> [EXERCISE PROMPT] For every record below, repeat the text exactly and pass over any image.

◆ ◆ ◆ ◆ ◆ ◆ ◆

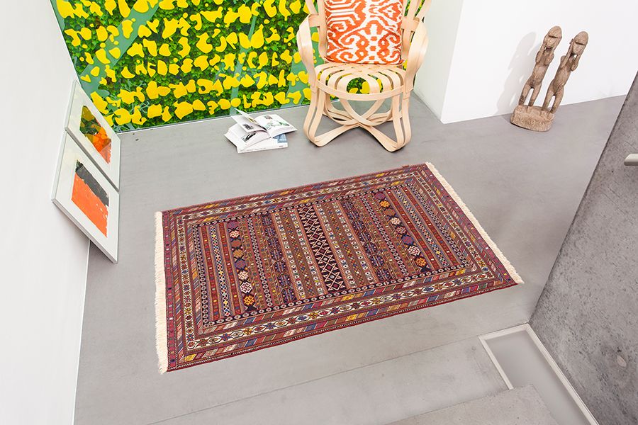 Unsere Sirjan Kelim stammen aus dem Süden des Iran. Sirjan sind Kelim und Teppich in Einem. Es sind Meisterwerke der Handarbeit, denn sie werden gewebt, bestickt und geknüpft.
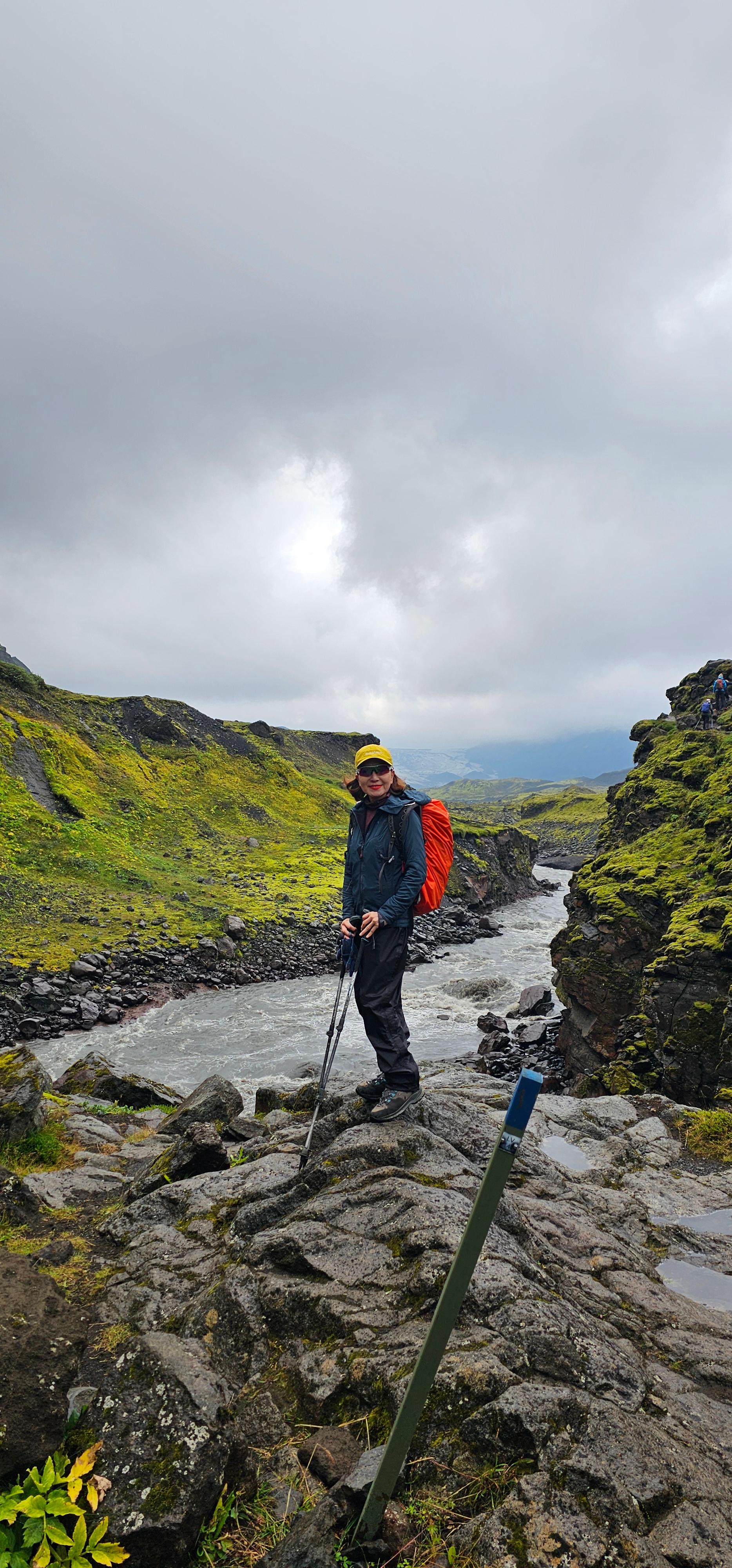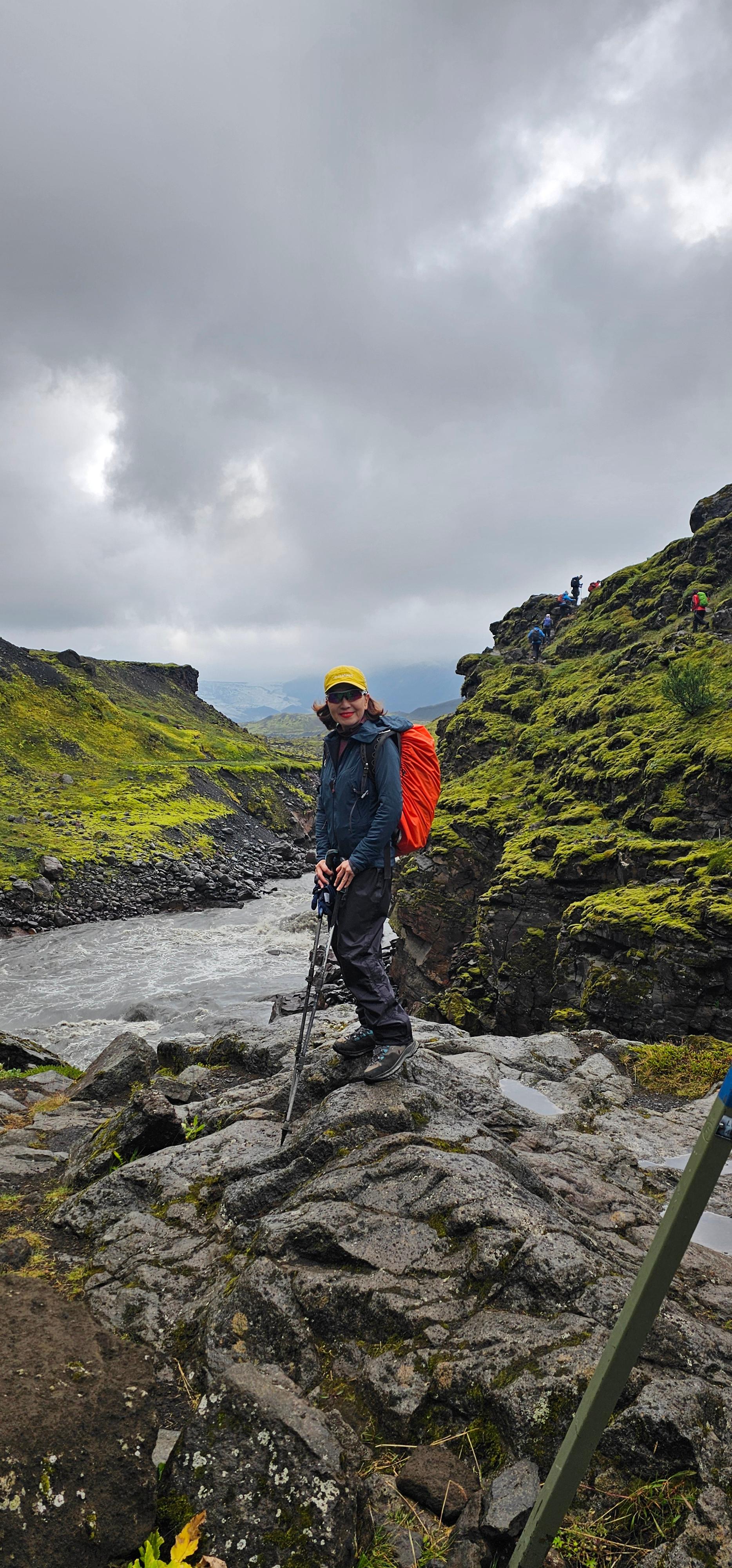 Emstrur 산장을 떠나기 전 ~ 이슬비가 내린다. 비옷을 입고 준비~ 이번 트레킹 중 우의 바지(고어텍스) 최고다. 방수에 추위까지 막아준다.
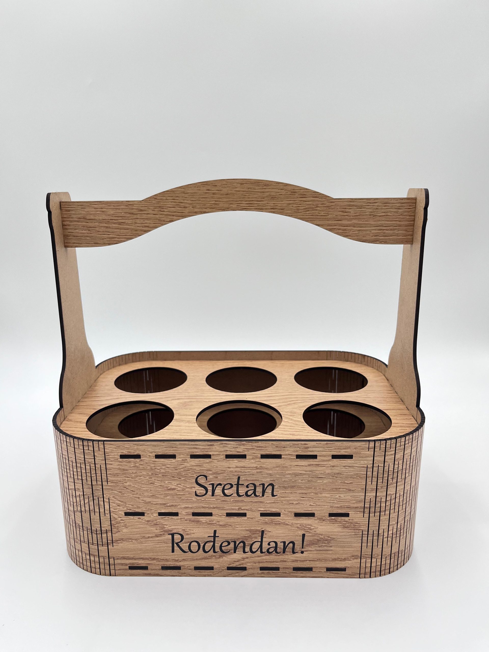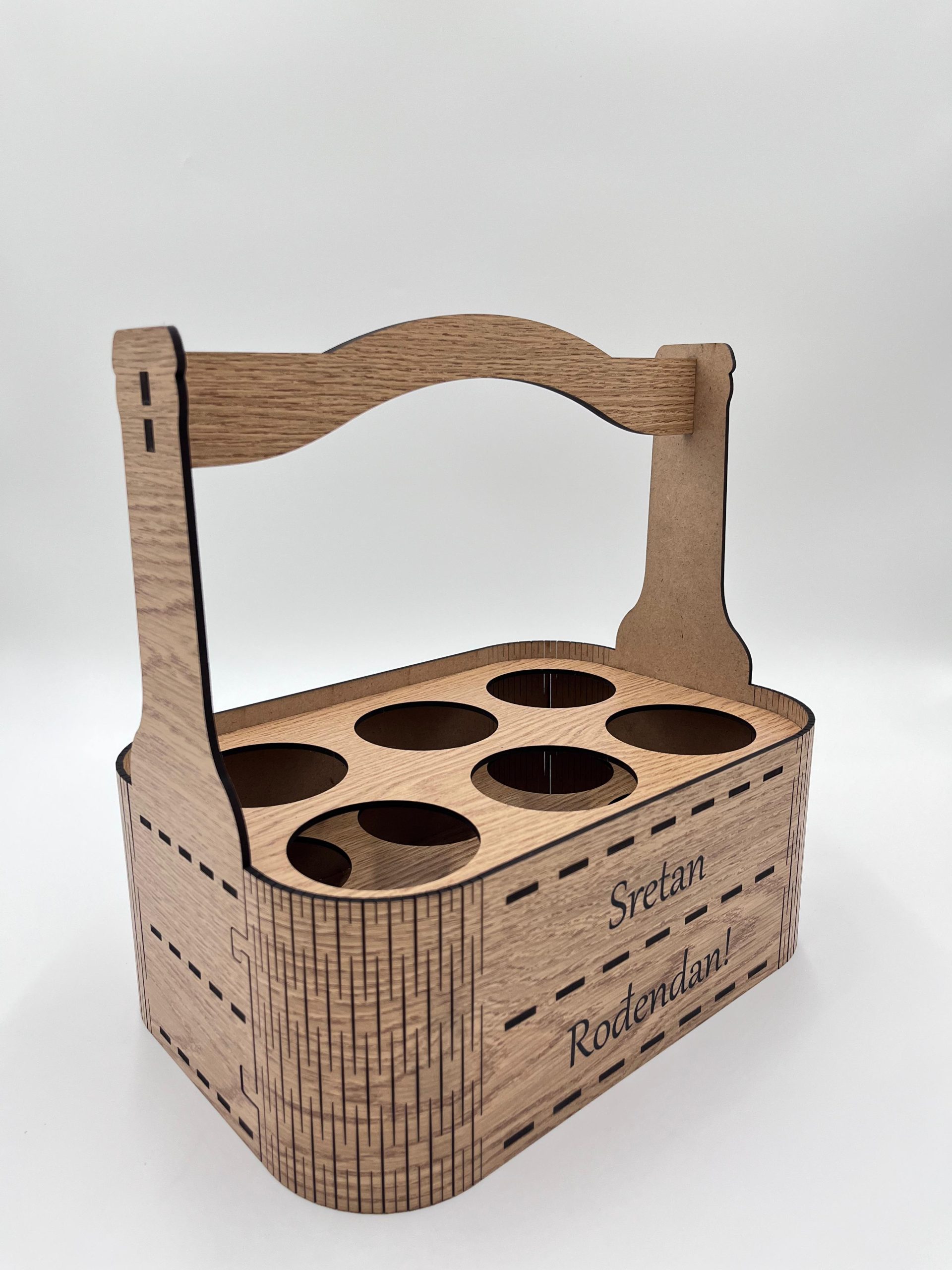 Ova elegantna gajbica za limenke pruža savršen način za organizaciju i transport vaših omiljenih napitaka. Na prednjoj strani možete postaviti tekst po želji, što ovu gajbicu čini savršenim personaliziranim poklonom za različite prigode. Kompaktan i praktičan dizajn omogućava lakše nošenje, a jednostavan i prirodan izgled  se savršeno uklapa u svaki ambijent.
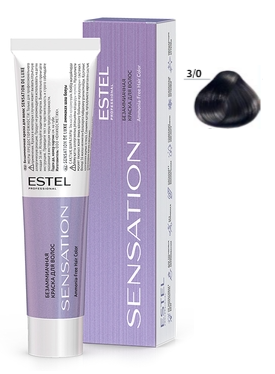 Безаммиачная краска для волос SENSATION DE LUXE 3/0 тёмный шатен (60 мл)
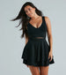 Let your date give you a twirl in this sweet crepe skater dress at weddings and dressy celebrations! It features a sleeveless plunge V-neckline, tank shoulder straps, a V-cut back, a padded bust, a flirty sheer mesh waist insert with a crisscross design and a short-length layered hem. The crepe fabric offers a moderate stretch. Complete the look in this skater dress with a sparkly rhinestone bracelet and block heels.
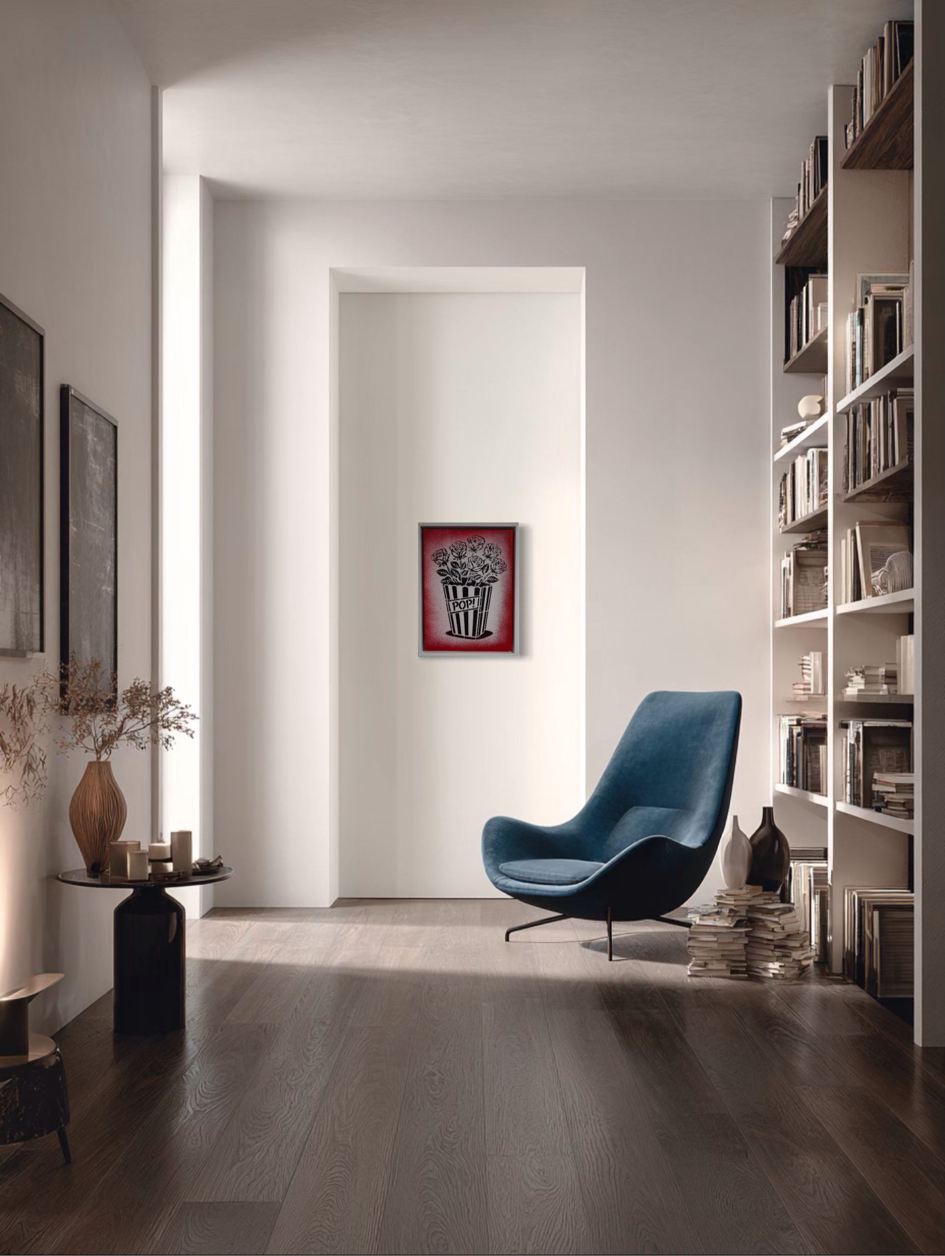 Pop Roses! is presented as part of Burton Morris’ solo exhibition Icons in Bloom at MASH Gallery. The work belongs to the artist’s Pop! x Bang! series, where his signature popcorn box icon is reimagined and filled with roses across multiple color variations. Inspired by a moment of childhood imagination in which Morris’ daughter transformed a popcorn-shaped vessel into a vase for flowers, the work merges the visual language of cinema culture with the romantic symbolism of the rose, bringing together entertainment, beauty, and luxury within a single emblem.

◆ ◆ ◆ ◆ ◆ ◆ ◆

> [EXERCISE ANSWER]
 Unsere Sirjan Kelim stammen aus dem Süden des Iran. Sirjan sind Kelim und Teppich in Einem. Es sind Meisterwerke der Handarbeit, denn sie werden gewebt, bestickt und geknüpft.
 Emstrur 산장을 떠나기 전 ~ 이슬비가 내린다. 비옷을 입고 준비~ 이번 트레킹 중 우의 바지(고어텍스) 최고다. 방수에 추위까지 막아준다.
 Ova elegantna gajbica za limenke pruža savršen način za organizaciju i transport vaših omiljenih napitaka. Na prednjoj strani možete postaviti tekst po želji, što ovu gajbicu čini savršenim personaliziranim poklonom za različite prigode. Kompaktan i praktičan dizajn omogućava lakše nošenje, a jednostavan i prirodan izgled  se savršeno uklapa u svaki ambijent.
 Безаммиачная краска для волос SENSATION DE LUXE 3/0 тёмный шатен (60 мл)
 Let your date give you a twirl in this sweet crepe skater dress at weddings and dressy celebrations! It features a sleeveless plunge V-neckline, tank shoulder straps, a V-cut back, a padded bust, a flirty sheer mesh waist insert with a crisscross design and a short-length layered hem. The crepe fabric offers a moderate stretch. Complete the look in this skater dress with a sparkly rhinestone bracelet and block heels.
 Pop Roses! is presented as part of Burton Morris’ solo exhibition Icons in Bloom at MASH Gallery. The work belongs to the artist’s Pop! x Bang! series, where his signature popcorn box icon is reimagined and filled with roses across multiple color variations. Inspired by a moment of childhood imagination in which Morris’ daughter transformed a popcorn-shaped vessel into a vase for flowers, the work merges the visual language of cinema culture with the romantic symbolism of the rose, bringing together entertainment, beauty, and luxury within a single emblem.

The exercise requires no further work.